A espera é agora o vale dos aflitos: é um grito da revolta, é a primeira morada da noite a criar enredos na madrugada. O tempo dos enganos, a desaguar na foz dos sentidos, regrados, porém não intimidados pelo soar dos tambores na concomitância dos corpos humedecidos.
Ainda a Primavera consente no seu colo, as águas em rebuliço, e o Outono arruaceiro, no tempo escasso e gelado num ventre seco e amaldiçoado.
O Verão cobre de tons ébrios os sentires dispersos num caminho ainda a percorrer. Tudo é indissociável desse costume onde os sonhos são solicitados à noite, até à exaustão.

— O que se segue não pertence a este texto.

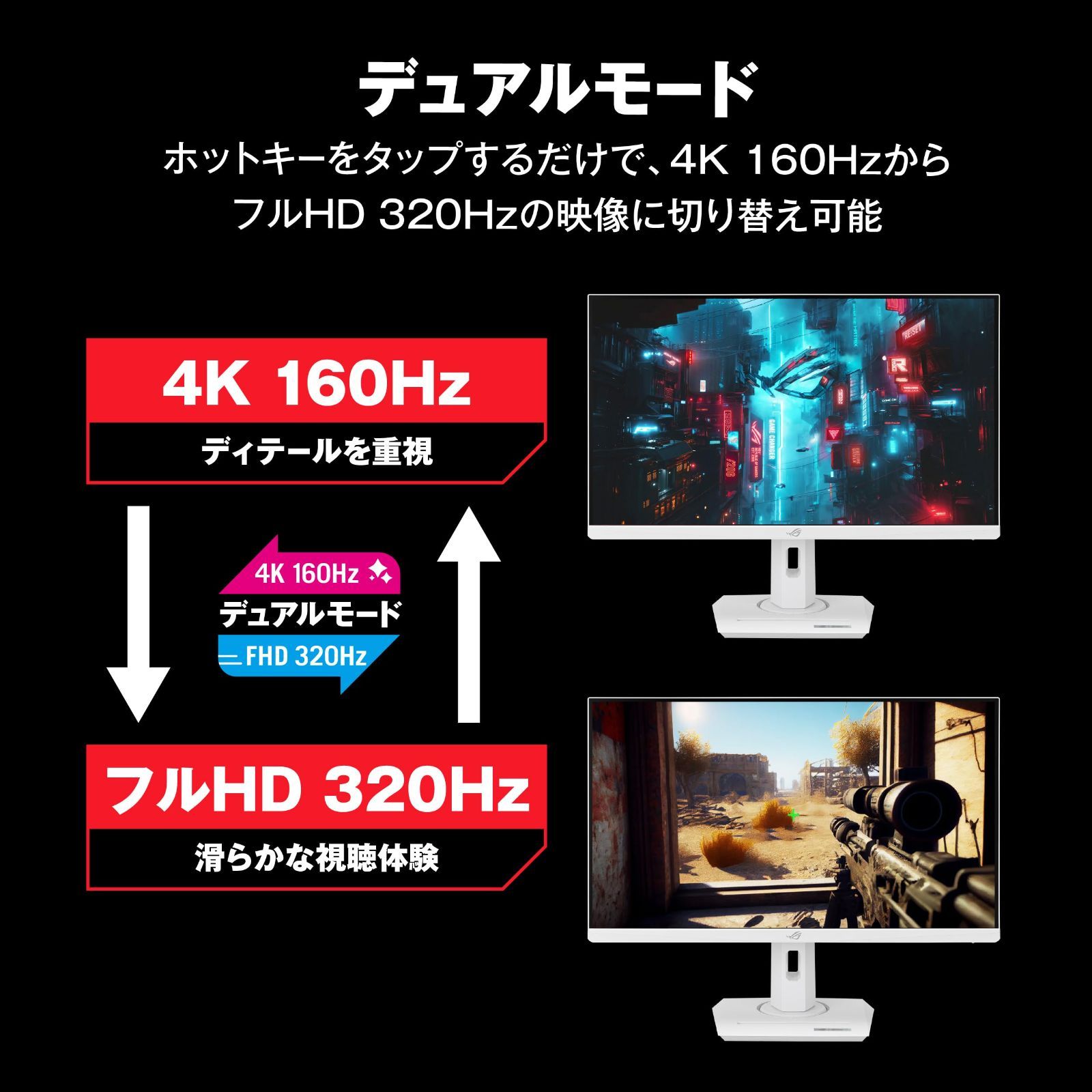 ROG Strix XG27UCG-W デュアルモードゲーミングモニター 白 - 27インチ/4K (3840x2160)/デュアルモード(4K 160Hz フルHD 320Hz)/1ms (GTG)/Fast IPS/USB Type-C/高さ調整可/VESA対応 (100x100mm)/HDR対応/三脚ソケット付き/スマホホルダー付き/Aura Sync対応/国内正規品

As vozes afoitas regressam de um vazio sem fundo, afirmando-se detentor do espaço, onde todos dormem no preâmbulo ainda elementar de um pensamento descaído. Gritam às almas em palavras desconexas e desordeiras, sem que o sino saiba os tons certos dessa melodia cavernosa, onde se inspira, mas não se expira, e, sequer se força a pele ao composto químico habitual dos corpos.
A fuga qual corrente esmagada nos abraços fechados, é caluniada pela luz mortiça de um farol abandonado.
O pensamento é agora a peso de ouro, arremessado contra os muros.
Conspurcados os medos pelo filamento das horas incertas, que no relógio, batem livremente, somem-se pela torre em direcção ao céu.
Irremediavelmente se tomam uns e outros, como se fossem pontos certeiros na escuridão. Acostumados à ira dos ventos, consomem-se em rituais consagrados no degredo, onde os espera um Todo inseparável.
Silenciam-se agora.
Tudo é forçado ao abandono, à tirania do tempo que cospe as horas e os segundos, como se tudo fosse um sermão cantado no púlpito das agonias.
Irrefletidos os silêncios desenham figurações abstractas, quando os olhos cegam e os corpos se esfregam num mutismo esbatido na lógica do tempo.
Enfrentam-se os olhares vidrados como se fossem pirilampos no escuro. Só se ouvem os sons trépidos no escoar das horas incertas.
Recolhem-se brisas e aromas de um ventre ainda crescente, como se o Inverno longo dos seus dias, não mais voltasse a ser sombra nos caminhos de Deus.
O Ser supremo, a única divindade que conhecem, é ainda um templo em construção no olhar translúcido, onde o verde se mistura com o vermelho vivo das amoras a dançar como se fossem hóstias ensandecidas nas bocas fechadas.
Tudo é irremediavelmente, o centro convexo de uma ordem contrária onde o Todo se assume a única espera de tudo o que por sorte, nem sempre é a morte.